**Required action:** Retype exactly the lines of the listing below from the one with "Macy's Thanksgiving Day" through the last, both included, and leave every picture out.

**Recorded information:**
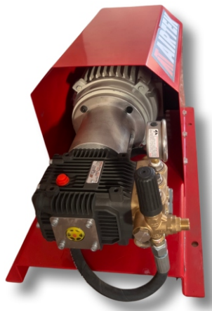
AT 1218 - Complete Assembly
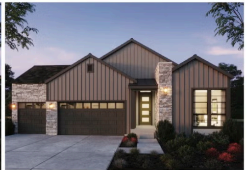
Elevation 2C - Modern Mountain

970.450.5504 | KitchelLakeSales@trumarkco.com | 1432 Alyssa Drive, Timnath, CO 80547 | VIP-KITCHEL.COM
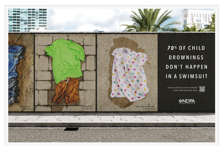
PSA Campaign Alerts Parents to Startling Stat that 70% of Drownings Involving Children Occur During Non-Swim Times.

TUSTIN, CA, UNITED STATES, July 2, 2024 /EINPresswire.com/ -- With reports of drownings reaching record levels in Florida and throughout the country, the National Drowning Prevention Alliance (www.ndpa.org) is working to inform parents about one of the most common and dangerous myths.
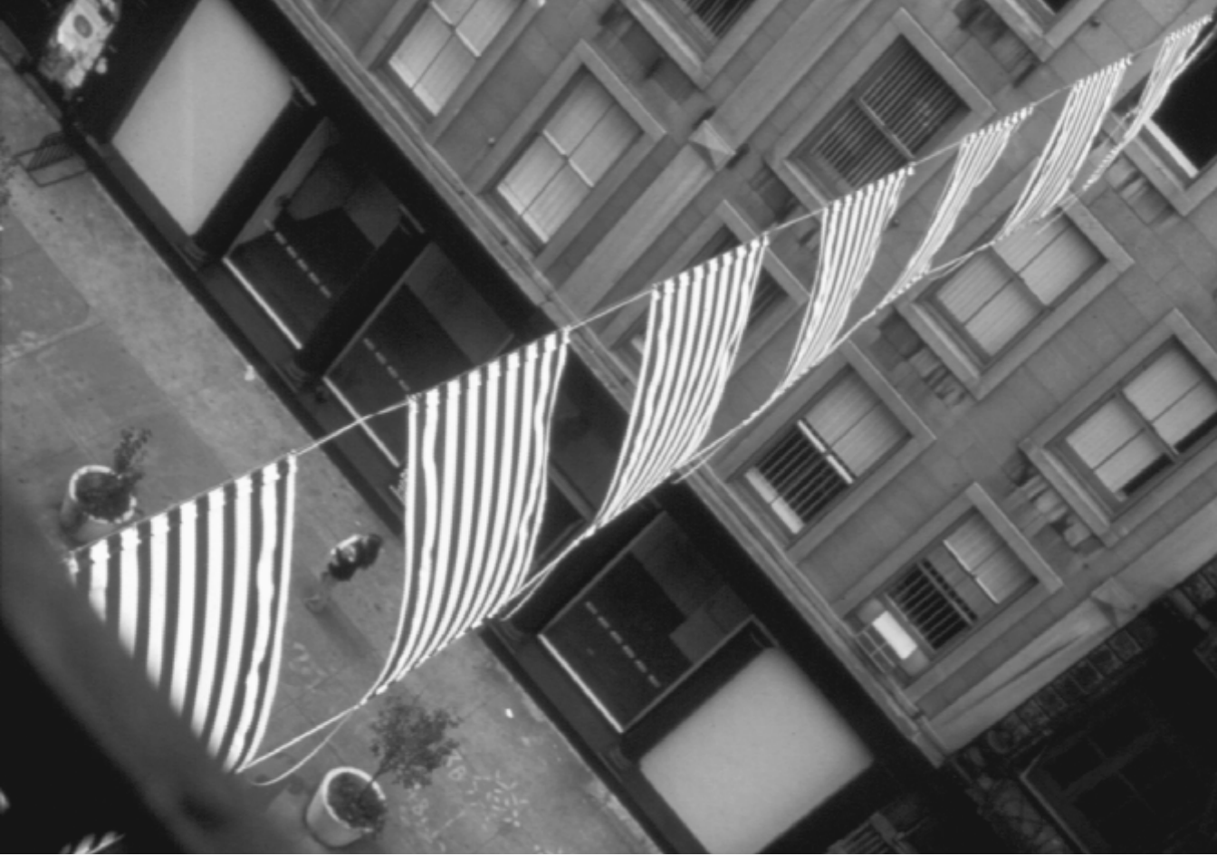
Daniel Buren, photo-souvenir: Within and Beyond the Frame, John Weber Gallery, New York, 1973.
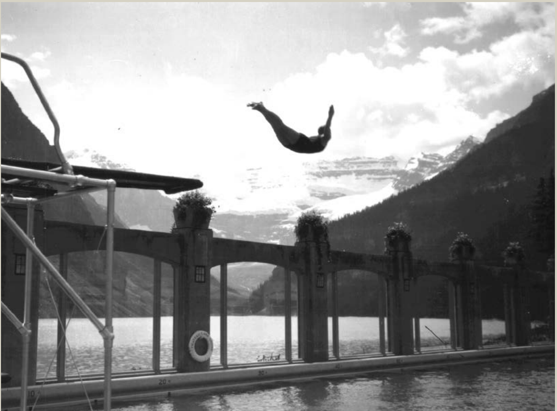
NA71-4910 Open-air swimming pool on the shores of Lake Louise

In 2025, the luxury of lakeside bathing returns to Chateau Lake Louise, with the introduction of BASIN Glacial Waters. Resting on the exact location of the original open-air pool, BASIN represents the contemporary redesign of the outdoor bath experience, imagined for the modern-day wellness seeker.
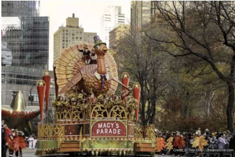
Macy's Thanksgiving Day Parade - New York City
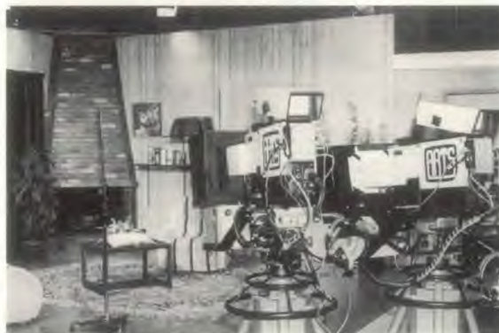
Set area of the Destiny telecast as it appeared on the day of the studio opening.

**Finished task:**
Macy's Thanksgiving Day Parade - New York City
Set area of the Destiny telecast as it appeared on the day of the studio opening.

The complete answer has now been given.